[Supplied records]

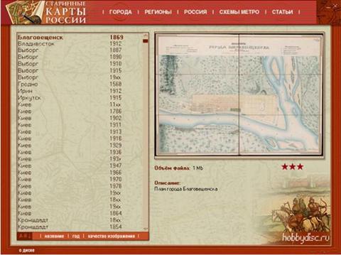 Сборник содержит около 600 оцифрованных КАРТ городов и различных областей России и УКРАИНЫ XVI-XX веков. Большинство карт имеет достаточно высокое разрешение и сопровождается краткой информацией: год издания, автор, общее описание. Карты разбиты на условные категории: ГОРОД, Области, Россия, Схемы метро. Диск оснащен удобной графической оболочкой с системой сортировки (по названию, году и качеству изображения), позволяющей легко найти нужную карту, и встроенной программой для детального просмотра карт.
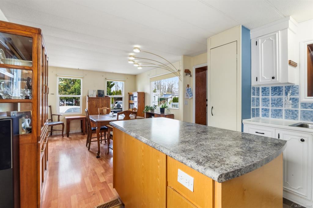 Welcome to the desirable Silver Park, now Alderlea Estates (under new ownership of Compass Communities) who may cooperate with banks for mortgages!! This spacious lot hosts a well kept 1 bed+ / 1 bath home with washer/dryer featuring open concept kitchen/dining area with up-dated large windows & lofted living room addition. Excellent quality metal roof installed in 2024. Throughout the rest of the home, another loft area could act as 2nd bedroom & extra storage area. Complete with heat pump, large closet/office, bonus indoor workshop/hobby room closed off from the rest of the home with ample lighting & outlets. Established fruit trees including cherry, peach, 4 varieties of apple, blueberry bushes, raised garden boxes & the quality shed in the backyard includes ventilation, fan, lighting & electrical. This home also features ample parking & a covered deck on the front to enjoy the evening sunsets. All measurements are approximate- Buyer should verify if important.
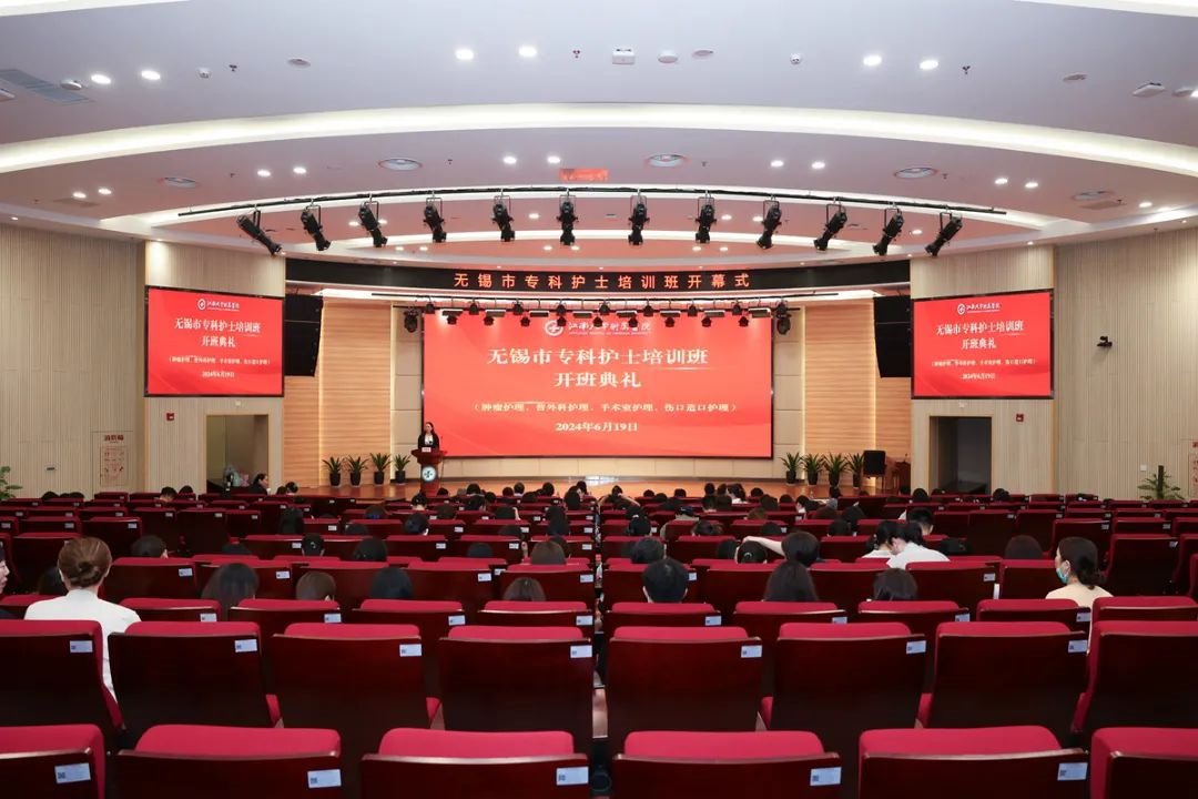 6月19日上午,无锡市专科护士培训基地(伤口造口、肿瘤、普外科、手术室护理)开班典礼在u体育 多功能厅顺利开班。
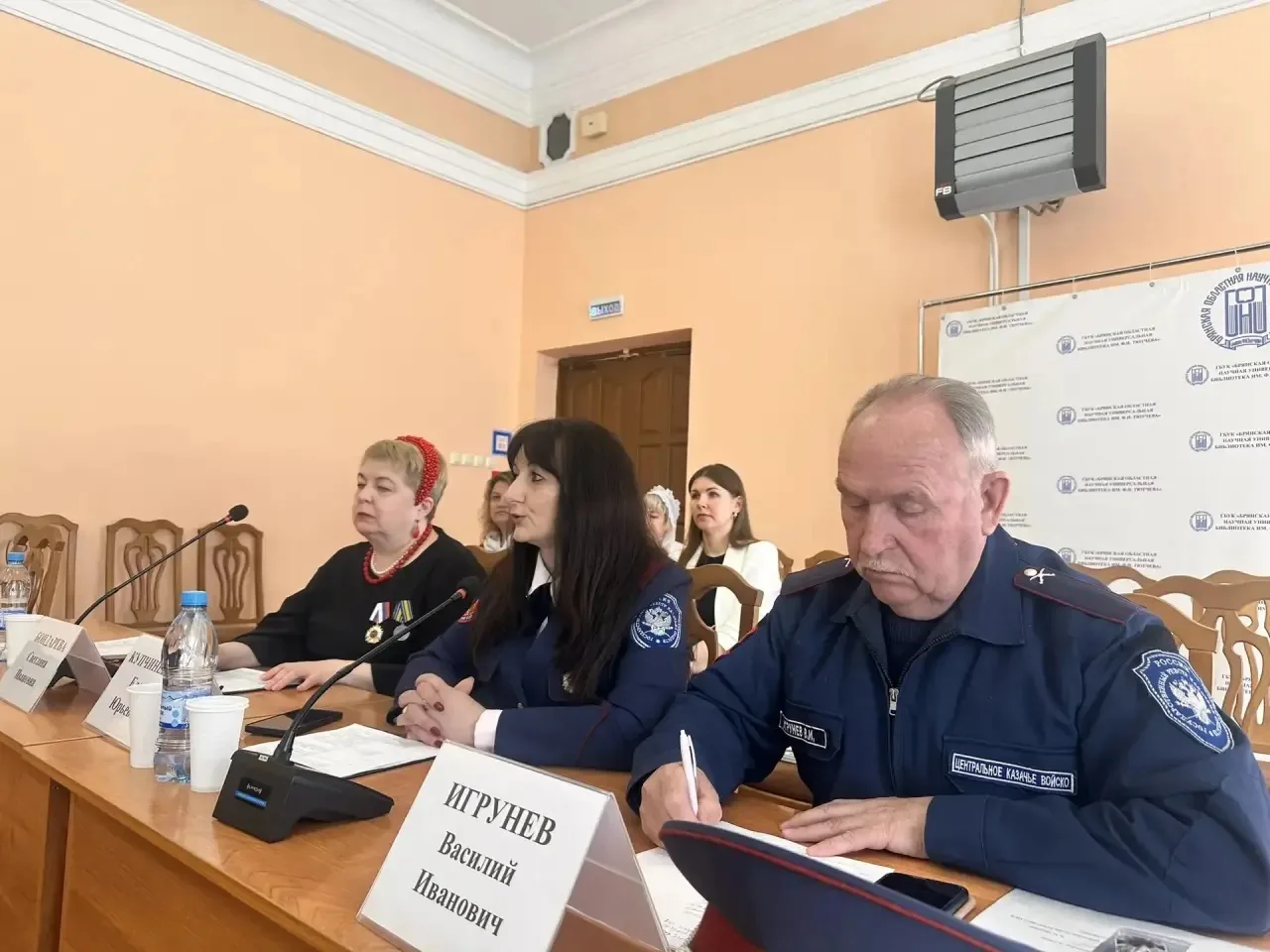 С приветственным словом к участникам круглого стола обратился атаман БОКО ВКО «Центральное казачье войско», казачий полковник Игрунев Василий Иванович. Он отметил важность взаимодействия казачьих обществ с библиотеками в историческом просвещении и сохранении истории и культуры российского казачества, а также в возрождении казачества на исторических землях Стародубского казачьего полка.
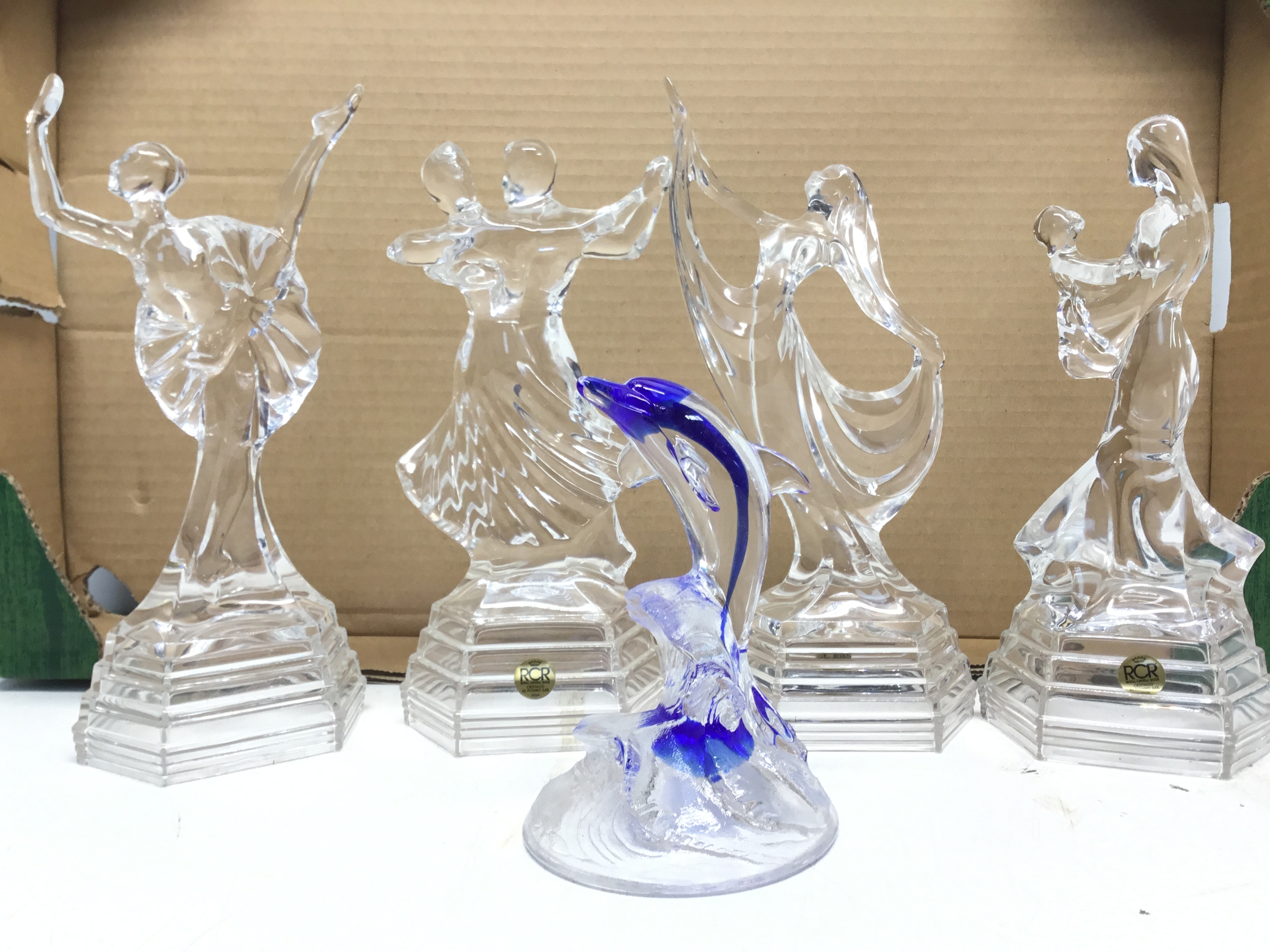 Four Royal Crystal Rock figurines and a Crystal D Arque dolphin
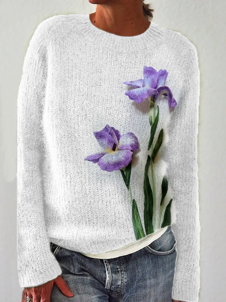 Classy Purple Irises Felt Art Cozy Alzheimer's Knit Sweater
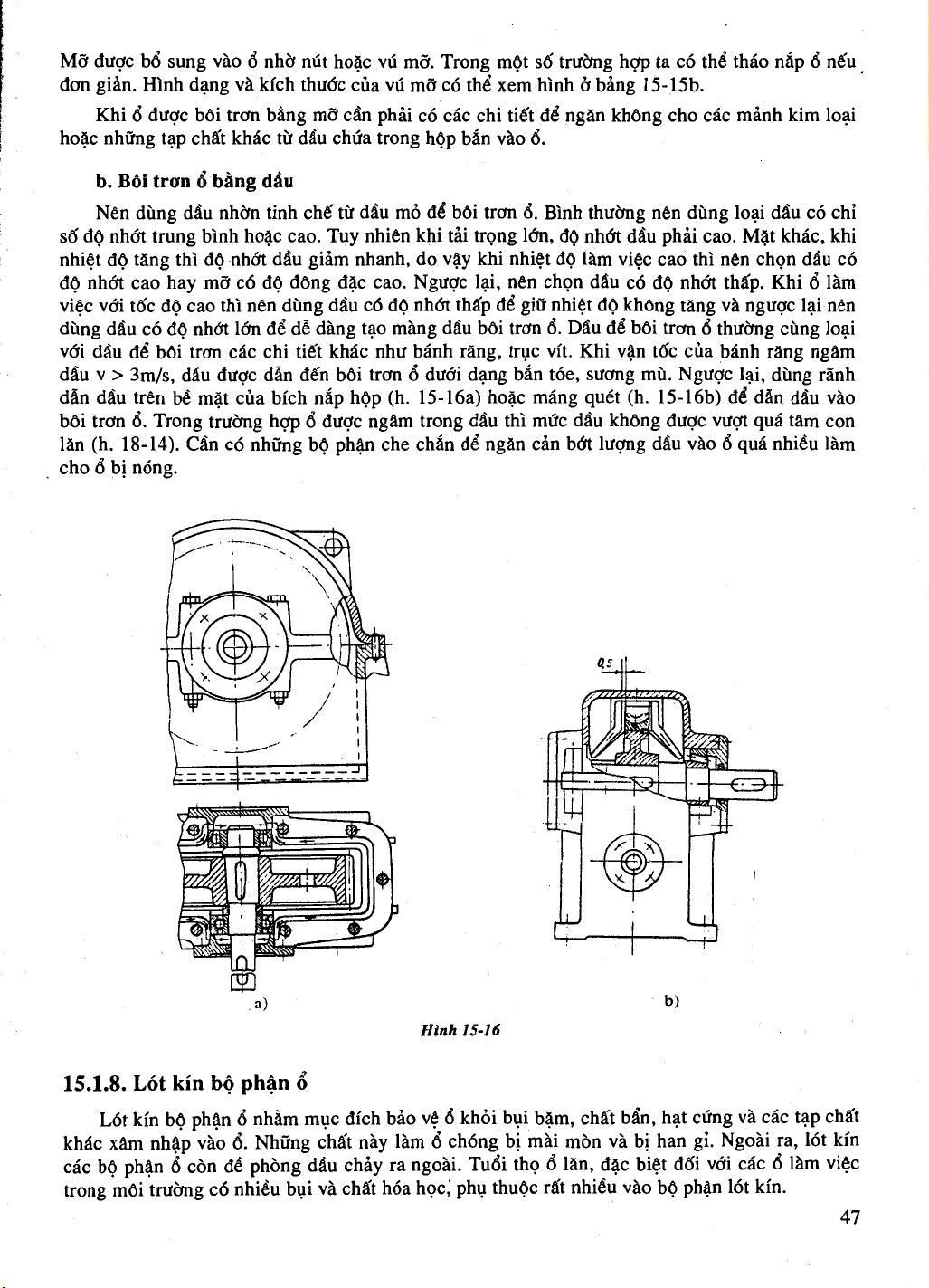 Về nguyên tắc , tất cả các ổ lăn đều được bôi trơn bằng dầu hoặc mỡ , riêng ổ bi chặn tự lựa lòng cầu thường chỉ bôi trơn bẳng dầu ,trừ trường hợp vòng quay rất thấp
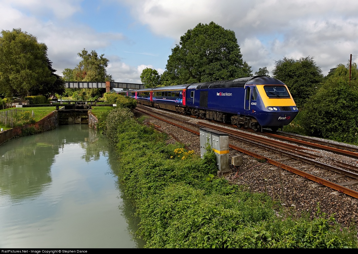| An FGW HST set with power car 43140 in the lead passes the classic Western Region location of Little Bedwyn lock on the Kennet and Avon canal with 1A76 06:55 Plymouth - Paddington |
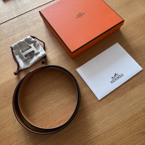 Tilbehør, Hermes, Hermes bælte uden spænde, sort/brun str 75 ægte. Kan bruges på begge sider. Det er uden spænde, det kan købes i alle Hermes butikker.
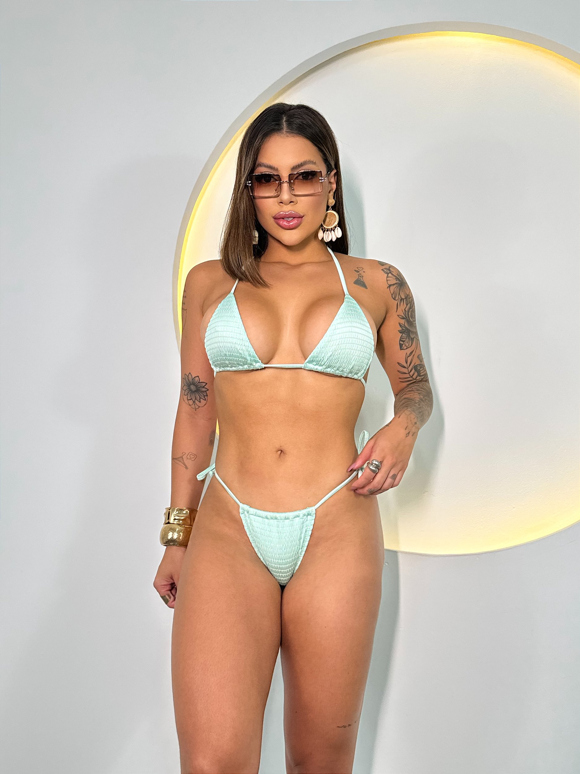 • Todo rebatido com elástico Zanotti (top e calcinha)
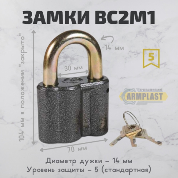 Замок навесной ЧАЗ длин трос 630мм ВС 2-6А-01
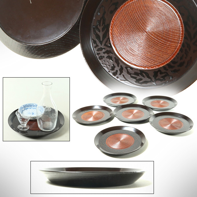 また、お茶席で湯呑みと小さな菓子皿、団子皿をおのせ頂いて一人用の小振りな敷盆代わり等としてもよろしいかと。

[/Supplied records]

■ **What to work on**: A word-for-word copy of the lines from the one with "- Paddington |" through the last line of the data above is required, with both end lines included and no pictures.

■ **Answer section**:
| An FGW HST set with power car 43140 in the lead passes the classic Western Region location of Little Bedwyn lock on the Kennet and Avon canal with 1A76 06:55 Plymouth - Paddington |
 Tilbehør, Hermes, Hermes bælte uden spænde, sort/brun str 75 ægte. Kan bruges på begge sider. Det er uden spænde, det kan købes i alle Hermes butikker.
 • Todo rebatido com elástico Zanotti (top e calcinha)
 Замок навесной ЧАЗ длин трос 630мм ВС 2-6А-01
 また、お茶席で湯呑みと小さな菓子皿、団子皿をおのせ頂いて一人用の小振りな敷盆代わり等としてもよろしいかと。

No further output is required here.